BEGIN Study material
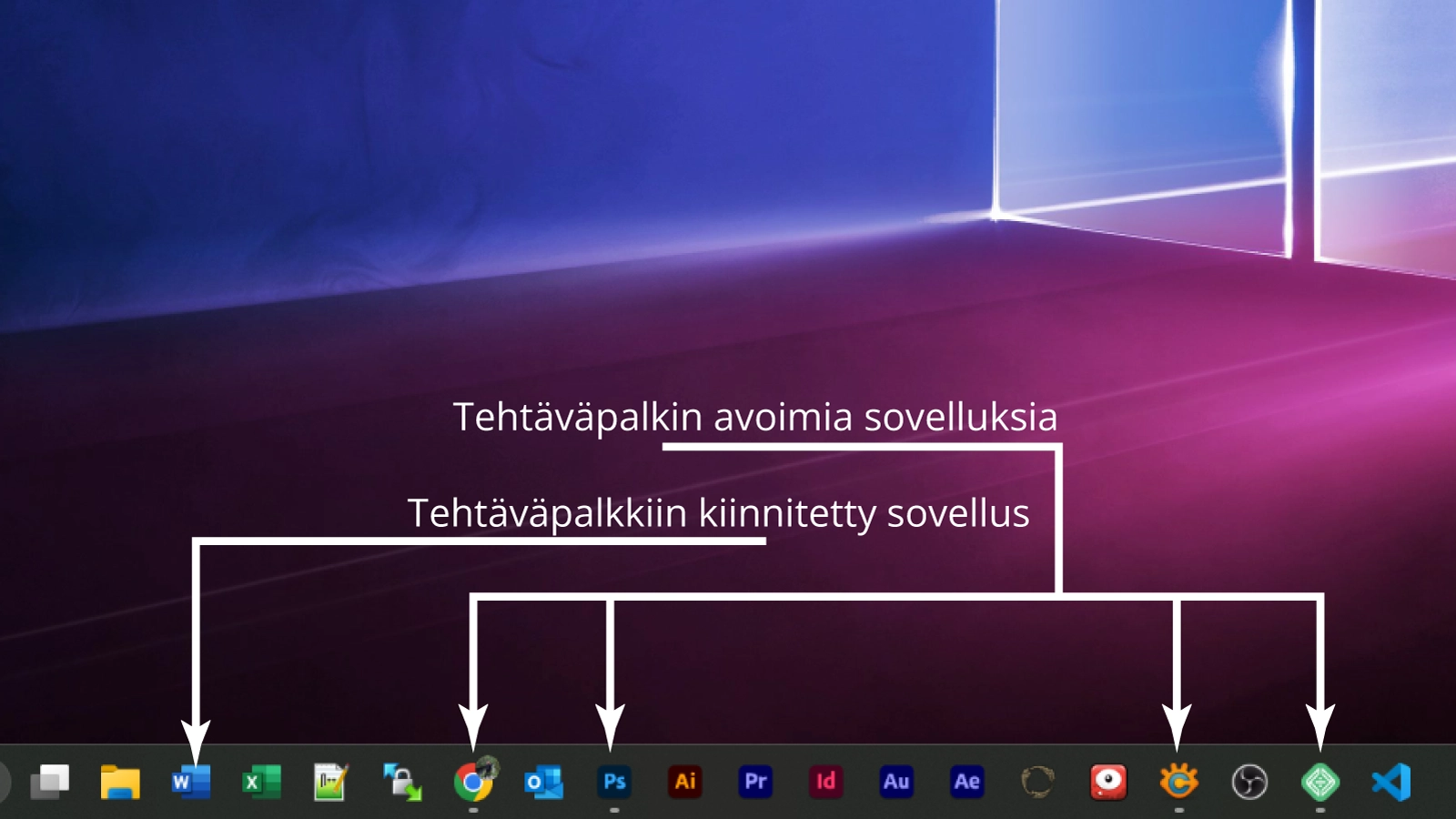 Voit siirtyä ohjelmasta toiseen napsauttamalla sen kuvaketta tehtäväpalkissa. Kiinnitettyjä sovelluksia voi lisätä vetämällä kuvakkeen tehtäväpalkkiin tai valitsemalla ”Kiinnitä tehtäväpalkkiin” ohjelman valikosta.
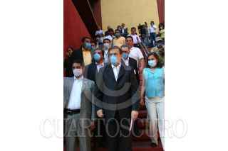 MÉXICO, .D.F,. 06MAYO2009.- Marcelo Ebrard Casaubon jefe de gobierno del Distrito Federal, a su salida del Registro Publico de la Propiedad y el Comercio del D.F., donde reviso las medidas de salud para evitar contagios por el virus de la influenza humana FOTO: RICARDO CASTELAN/CUARTOSCURO.COM
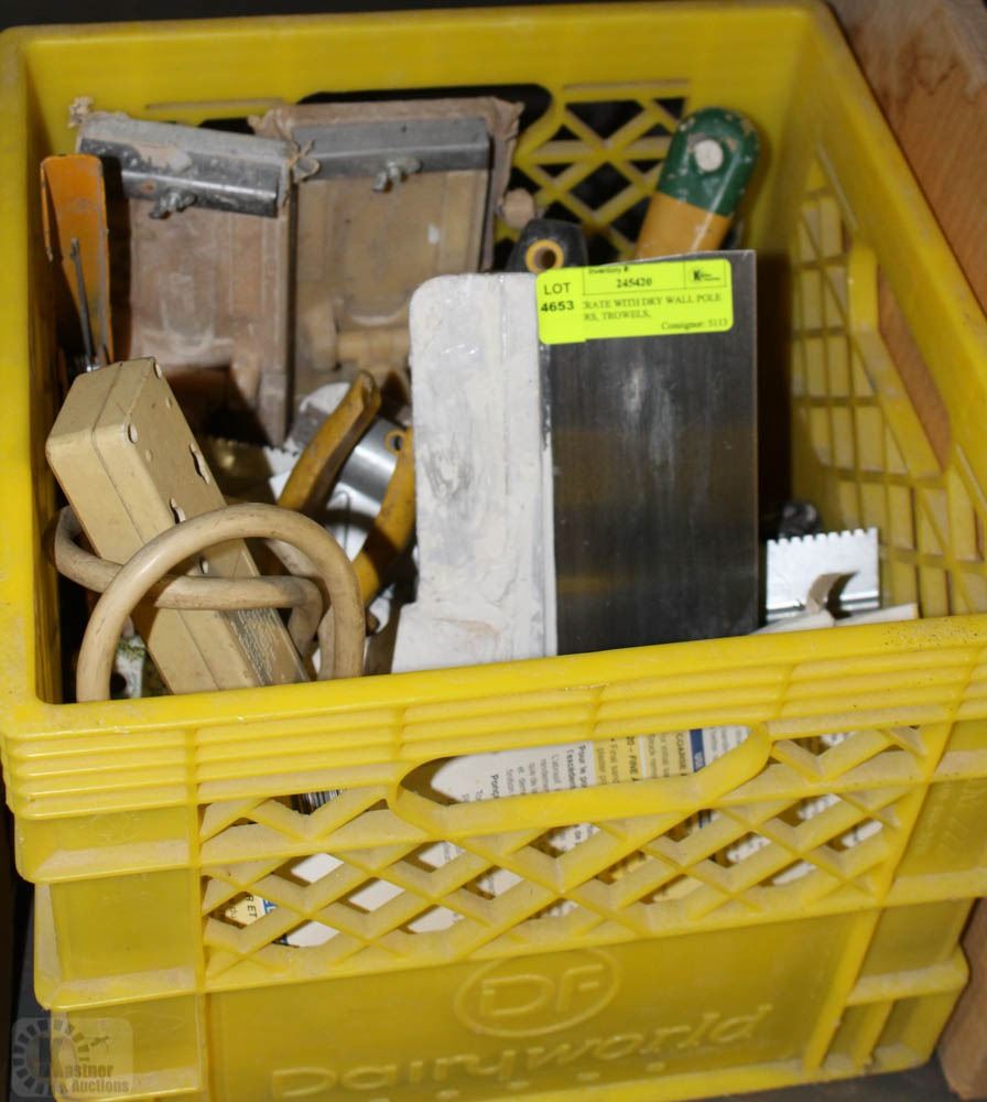 MILK CRATE WITH DRY WALL POLE SANDERS, TROWELS,
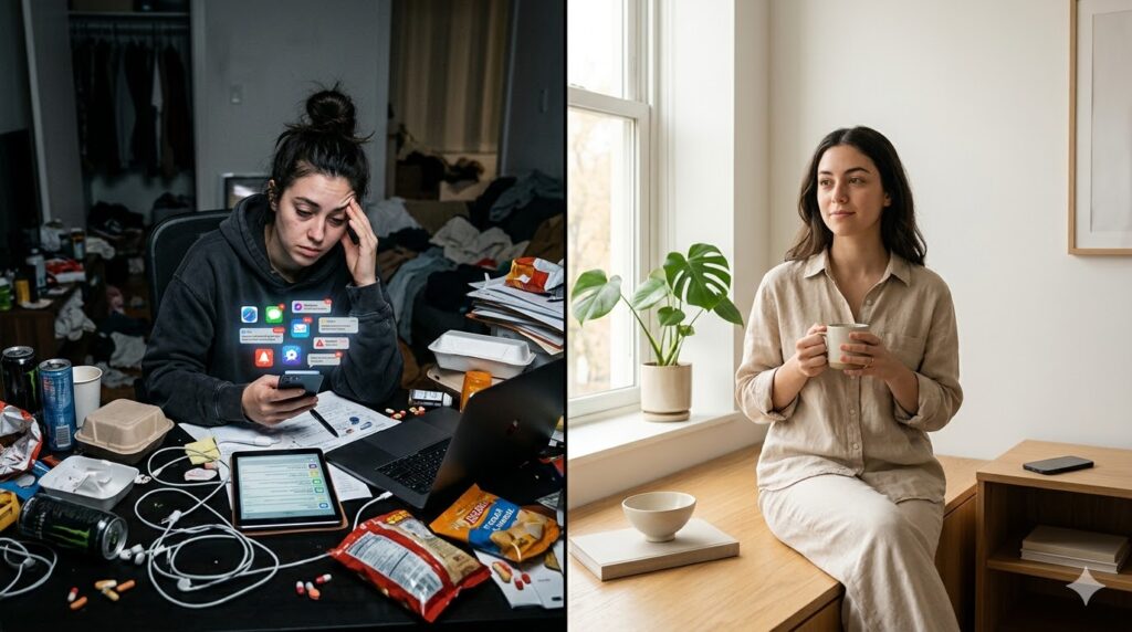 健康は「足す」より「削る」が効く。夜更かし(睡眠不足)、超加工食品、座りすぎなど現代の“過剰”を取り除くことで、体調・体重・集中力は大きく改善する。科学的根拠と具体的な実践法を解説。 -
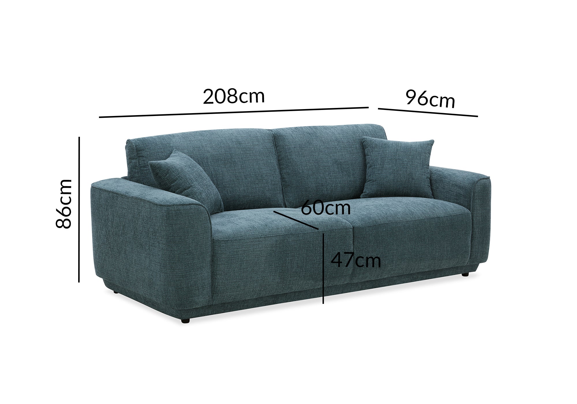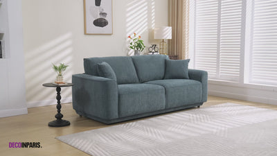 Das dreisitzige, geradlinige Sofa CARLOTA aus meliertem, entenblauem Samt vereint Weichheit, Stil und Komfort und wertet so Ihr Wohnzimmer auf.
END Study material
→ **Directions for this task**: Leave out every picture and copy verbatim the lines running from the line containing "MILK CRATE WITH" through the final line of the data.

→ **Solution to the problem**:
 MILK CRATE WITH DRY WALL POLE SANDERS, TROWELS,
 健康は「足す」より「削る」が効く。夜更かし(睡眠不足)、超加工食品、座りすぎなど現代の“過剰”を取り除くことで、体調・体重・集中力は大きく改善する。科学的根拠と具体的な実践法を解説。 -
 Das dreisitzige, geradlinige Sofa CARLOTA aus meliertem, entenblauem Samt vereint Weichheit, Stil und Komfort und wertet so Ihr Wohnzimmer auf.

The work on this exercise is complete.